1933 film by Manny Gould

Wedding Bells is a 1933 short animated film distributed by Columbia Pictures, and one of many featuring Krazy Kat.

==Plot==
One morning in a house, Krazy is sleeping in his bed. He then wakes up to the chirping of the birds, and acknowledges that today is his wedding day. Upon getting up from bed, he kisses every photograph of his spaniel girlfriend. He then heads to the bathroom to shave and shower.

The scene then moves to another house where the spaniel is ironing her long ears. The spaniel then heads to a window where instead of donning a wedding gown, she simply takes out one of the curtains, and places it on her head like a veil.

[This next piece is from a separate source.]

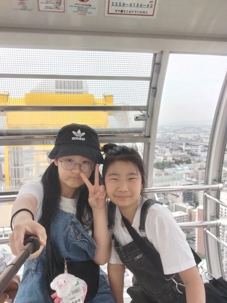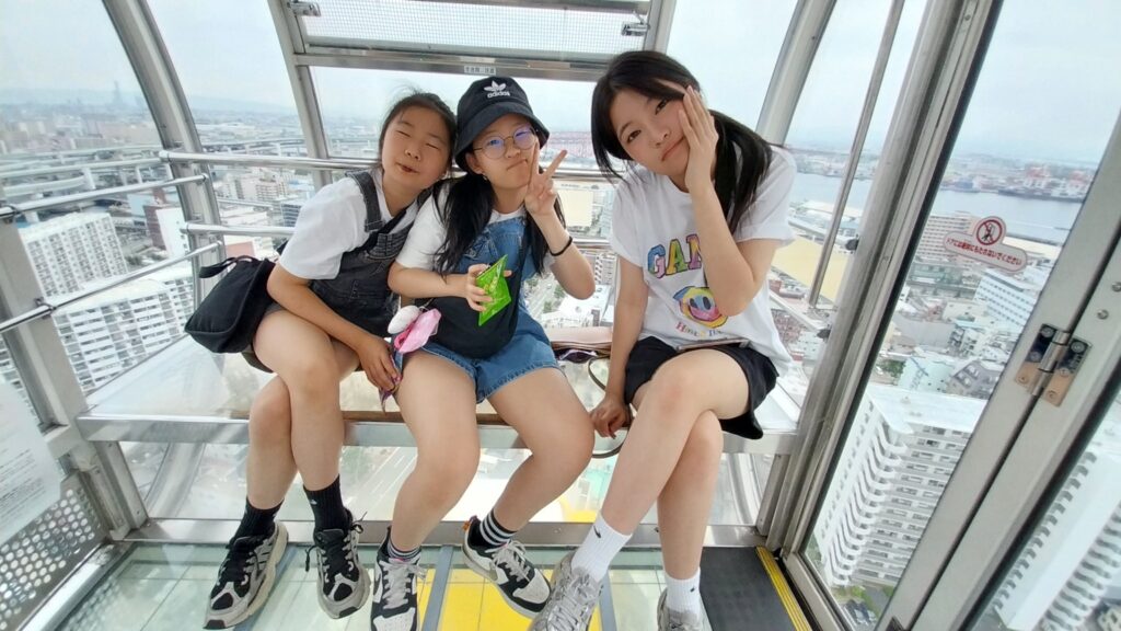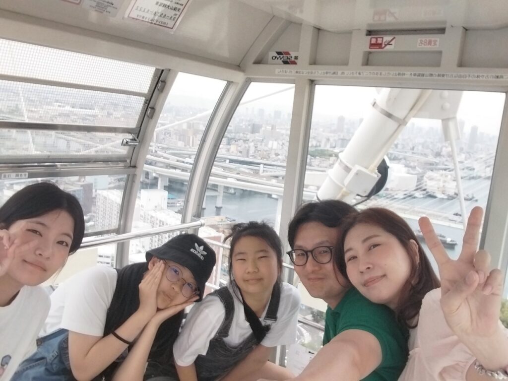 바다 위 112.5m 상공에서의 휴식 (feat. 간식 타임) 곤돌라 내부는 생각보다 훨씬 넓고 쾌적했습니다. 최대 8명(권장 6명)까지 탑승 가능한 넉넉한 공간이라 저희 4인 가족이 타기에 아주 여유로웠습니다. 투명한 바닥 아래로 작아지는 사람들과 자동차를 보는 것은 꽤 아찔했지만, 동시에 가슴이 뻥 뚫리는 시원함을 선사했습니다. 창문 너머로는 오사카만(Osaka Bay)의 푸른 바다, 저 멀리 유니버설 스튜디오 재팬(USJ), 그리고 아카시 해협 대교까지 파노라마 뷰가 펼쳐졌습니다. 탑승 시간은 약 15분 정도 소요되는데, 체감상으로는 30분처럼 느껴질 정도로 여유로웠습니다. 저희는 편의점에서 미리 사 온 간단한 간식을 먹으며, 오전 내내 걷느라 지친 다리를 쉬게 해주었습니다. 하늘 위에서 우리 가족끼리만 즐기는 오붓한 피크닉 같은 시간이었습니다.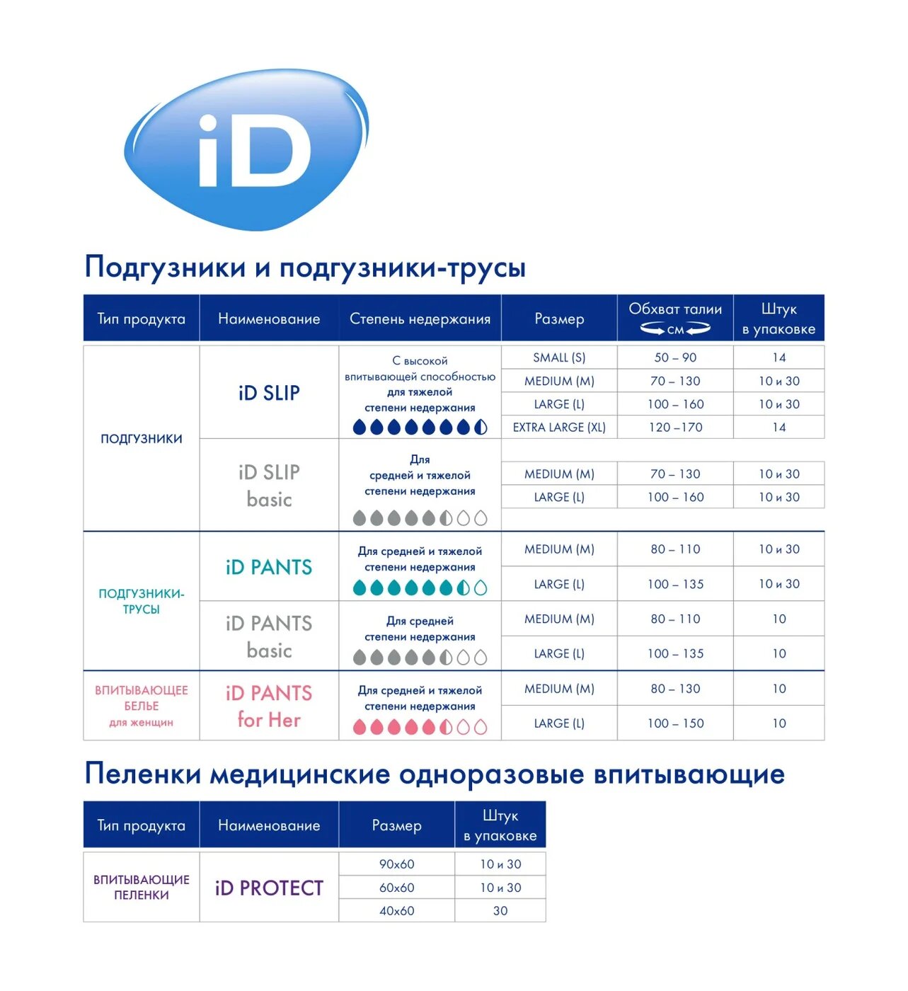 Подгузники-трусики для взрослых iD Pants размер M, 10 шт .

Momentarily, Krazy shows up outside wearing a tux, a top hat, and in a car. Krazy elevates a seat from his car which the spaniel boards from the window. The two then set off.

Krazy and the spaniel make it to the church. The wedding is hyped up by dancing turkeys and cattle. When Krazy and the spaniel gather in front of the priest, the priest does not say much other than singing "do-do-do…" in a jazzy fashion. The priest, however, completes the wedding by tying together the tails of the two sweethearts.

Moments after leaving the church, Krazy and the spaniel drive through the countryside road to look for a new home. They then pick two heart-shaped houses. The two houses become animated and merged into a single house before the cat and dog occupy it.